For aggregated point queries NanoCube are up to 100x or evn 1,000x times faster than Pandas. For the special purpose,
NanoCube is also much faster than all other libraries, like Spark, Polars, Modin, Dask or Vaex. If such 
libraries are drop-in replacements with Pandas dataframe, you should be able to accelerate them with NanoCube too.

As a rule of thump, using NanoCube is valuable for 10 or more point queries on a DataFrame, as the 
initialization time for 50k - 200k rows/sec the NanoCube needs to be taken consideration. 


### How is this possible?
NanoCube uses a different approach. Roaring Bitmaps (https://roaringbitmap.org) are used to construct 
a multi-dimensional in-memory representation of a DataFrame. For each unique value in a column, a bitmap is created
that represents the rows in the DataFrame where this value occurs. The bitmaps are then combined to identify the 
rows relevant for a specific point query. Numpy is finally used for aggregation of results. 
NanoCube is a by-product of the CubedPandas project (https://github.com/Zeutschler/cubedpandas) and the result
of the attempt to make OLAP-style queries on Pandas DataFrames as fast as possible in a minimalistic way.

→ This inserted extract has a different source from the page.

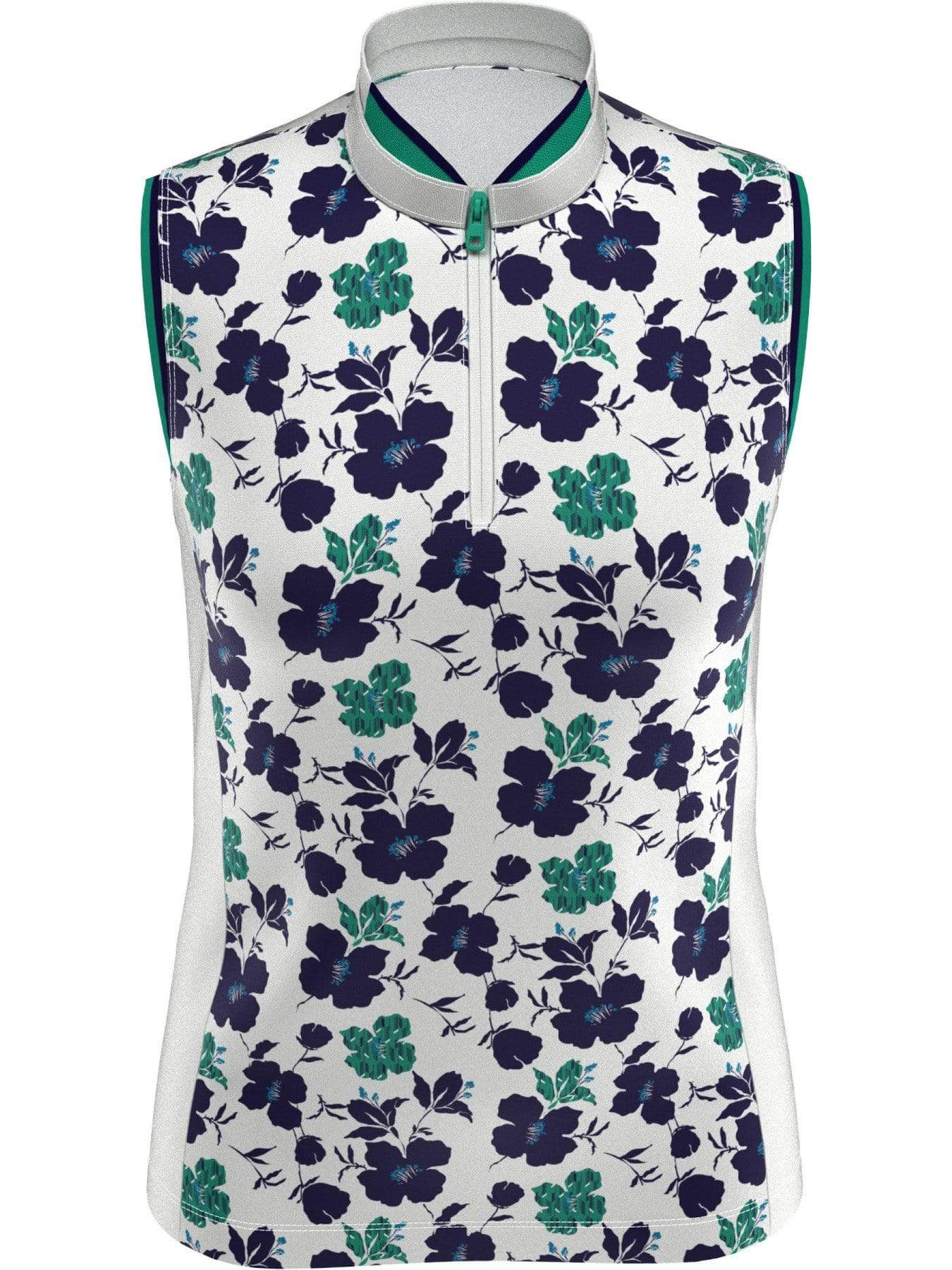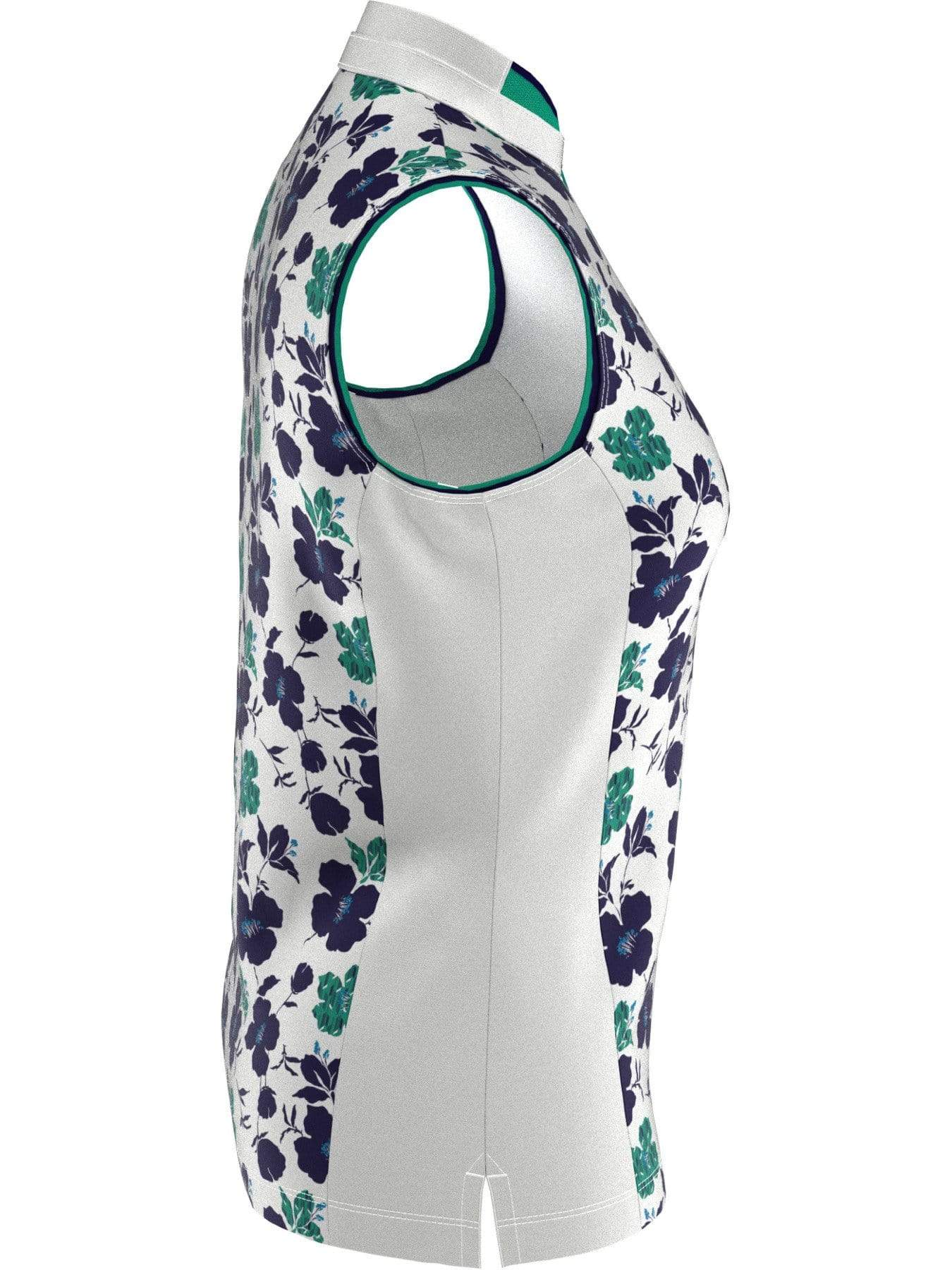Outlines of tropical flowers bring some island flair to this comfortable Callaway sleeveless golf shirt. The ladies' golf polo is made from durable double knit fabric, with allover ventilation to help keep you cool. Moisture-wicking technology helps to prevent sweat from lingering, while a contrasting solid-colored ribbed collar and matching zipper add some extra visual punch to the look.

### What price do I need to pay?
First of all, NanoCube is free and MIT licensed. The first price you need to pay is the memory consumption, typically
up to 25% on top of the original DataFrame size. The second price is the time needed to initialize the cube, which is
mainly proportional to the number of unique values over all dimension columns in the DataFrame. Try and adapt the 
included sample [`sample.py`](sample.py) and benchmarks [`benchmark.py`](benchmark.py) and [`benchmark.ipynb`](benchmark.ipynb) 
to see the performance of the NanoCube approach.

### Bechmarks

Using the Python script [benchmark_ext.py](benchmark_ext.py), the following comparison charts can be created.
The data set contains 7 dimenion columns and 2 measure columns.

#### Point query for single row
A highly selective, but fully qualified query over all 7 dimensions that affects and aggregates 1 single row.
NanoCube is 100x or more times faster than Pandas. 

![Point query for single row](charts/s.png)

#### Point query on high cardinality column
A highly selective, filtering on a single high cardinality dimension, where each member
represents ±0.01% of rows. NanoCube is 100x or more times faster than Pandas. 

![Query on single high cardinality column](charts/hk.png)


#### Point query aggregating 0.1% of rows
A highly selective, filtering just 1 dimension that affects and aggregates 0.1% of rows.
NanoCube is 100x or more times faster than Pandas. 

![Point query aggregating 0.1% of rows](charts/m.png)

#### Point query aggregating 5% of rows
A barely selective, filtering 2 dimensions that affects and aggregates 5% of rows.
NanoCube is consistently 10x faster than Pandas. But you can already see, that the 
aggregation in Numpy become slightly more dominant. 

![Point query aggregating 5% of rows](charts/l.png)

#### Point query aggregating 50% of rows
A non-selective, filtering 1 dimension that affects and aggregates 50% of rows.
Here, most of the time is spent in Numpy, aggregating the rows. The more
rows, the closer Pandas and NanoCube get as both rely on Numpy for
aggregation.

![Point query aggregating 50% of rows](charts/xl.png)

#### NanoCube initialization time
The time required to initialize a NanoCube instance is linear.
Depending on the number of dimensions and the cardinality a throughput of
20k to 200k rows/sec can be expected. Almost all time is spent requesting
data from Pandas. The initialization of the Roaring Bitmaps taken no time.
Likely, a custom file format for NanoCube data would be highly beneficial.

![NanoCube initialization time](charts/init.png)